[Dataset extract — start]
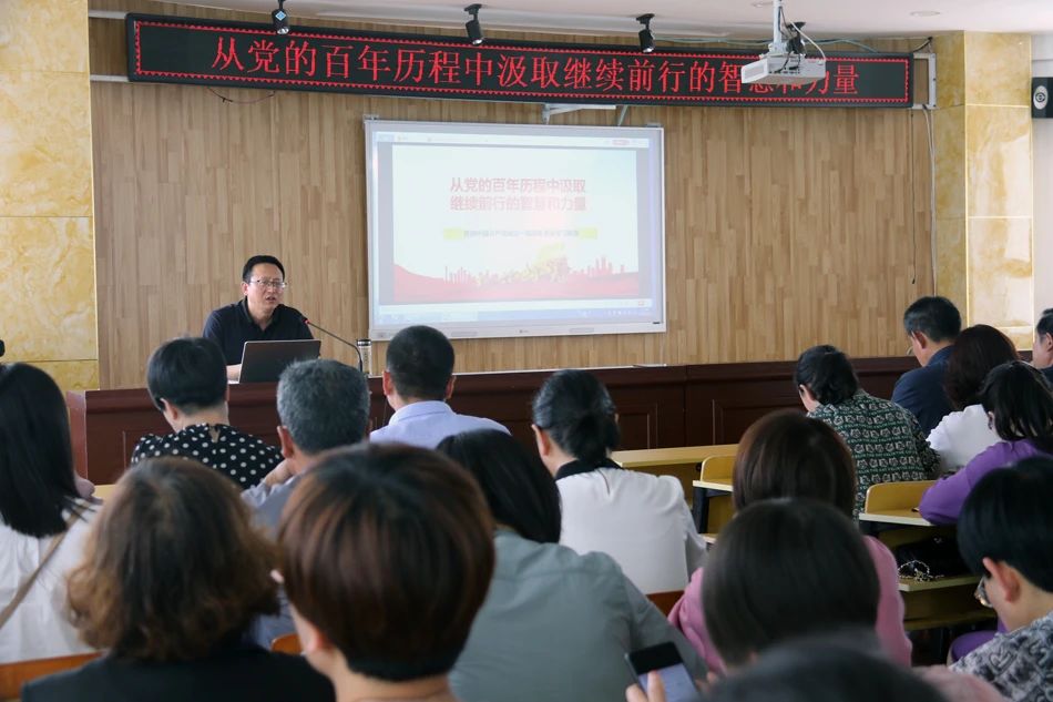 在礼县实验小学,天水师范公司zoty中欧余明远教授,面向礼县实验小学思政课专兼职教师以及全体党员,做了题为“从党的百年历程中汲取继续前行的智慧和力量”的学术报告。报告以党的理论探索史和非凡奋斗史为逻辑体系,阐释开展党史学习教育的重大意义、党史学习的重点内容、开展党史学习教育的工作要求,着重针对小学思政课教师的困惑和困难,剖析了根据小员工思想实际创新性教学,引导思政课教师在党史学习教育中明理、增信、崇德、力行,倡导其他教师充分挖掘和运用课程思政资源,构建思政课程与课程思政同向同行、同频共振的良好格局。
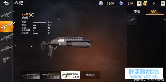 M88C:近战威力最大 霰弹枪是落地后最容易捡到的枪,而现有的三把霰弹枪中M88C是伤害最高的一把,并且攻击距离也相对较远,近距离作战中几枪就可以击倒敌人。除此之外,M88C可以安装红点瞄准镜,这也就解决了霰弹枪命中率较低的问题。落地之后如果没有合适的其他类型的枪支选择,M88C也是不错的。
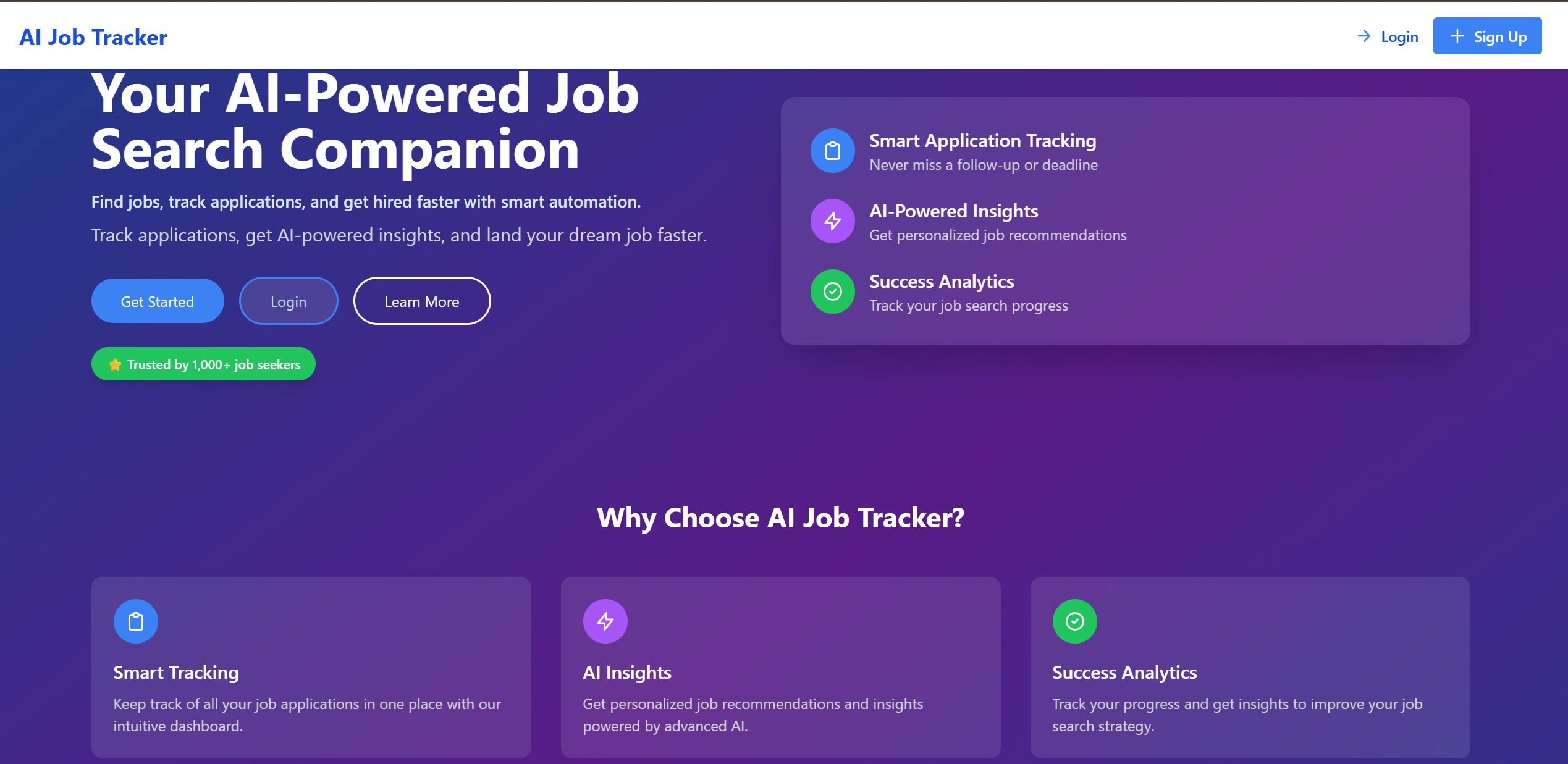 AI Job Tracker revolutionizes the job search process by combining intelligent automation, personalized insights, and seamless application management. Designed for modern job seekers, this platform helps users track applications, receive AI-driven recommendations, and optimize their job hunt with data-driven analytics.
[Dataset extract — finish]
### Work request
Leave the images out and transcribe the remaining data above word for word.

### Task answer
 在礼县实验小学,天水师范公司zoty中欧余明远教授,面向礼县实验小学思政课专兼职教师以及全体党员,做了题为“从党的百年历程中汲取继续前行的智慧和力量”的学术报告。报告以党的理论探索史和非凡奋斗史为逻辑体系,阐释开展党史学习教育的重大意义、党史学习的重点内容、开展党史学习教育的工作要求,着重针对小学思政课教师的困惑和困难,剖析了根据小员工思想实际创新性教学,引导思政课教师在党史学习教育中明理、增信、崇德、力行,倡导其他教师充分挖掘和运用课程思政资源,构建思政课程与课程思政同向同行、同频共振的良好格局。
 M88C:近战威力最大 霰弹枪是落地后最容易捡到的枪,而现有的三把霰弹枪中M88C是伤害最高的一把,并且攻击距离也相对较远,近距离作战中几枪就可以击倒敌人。除此之外,M88C可以安装红点瞄准镜,这也就解决了霰弹枪命中率较低的问题。落地之后如果没有合适的其他类型的枪支选择,M88C也是不错的。
 AI Job Tracker revolutionizes the job search process by combining intelligent automation, personalized insights, and seamless application management. Designed for modern job seekers, this platform helps users track applications, receive AI-driven recommendations, and optimize their job hunt with data-driven analytics.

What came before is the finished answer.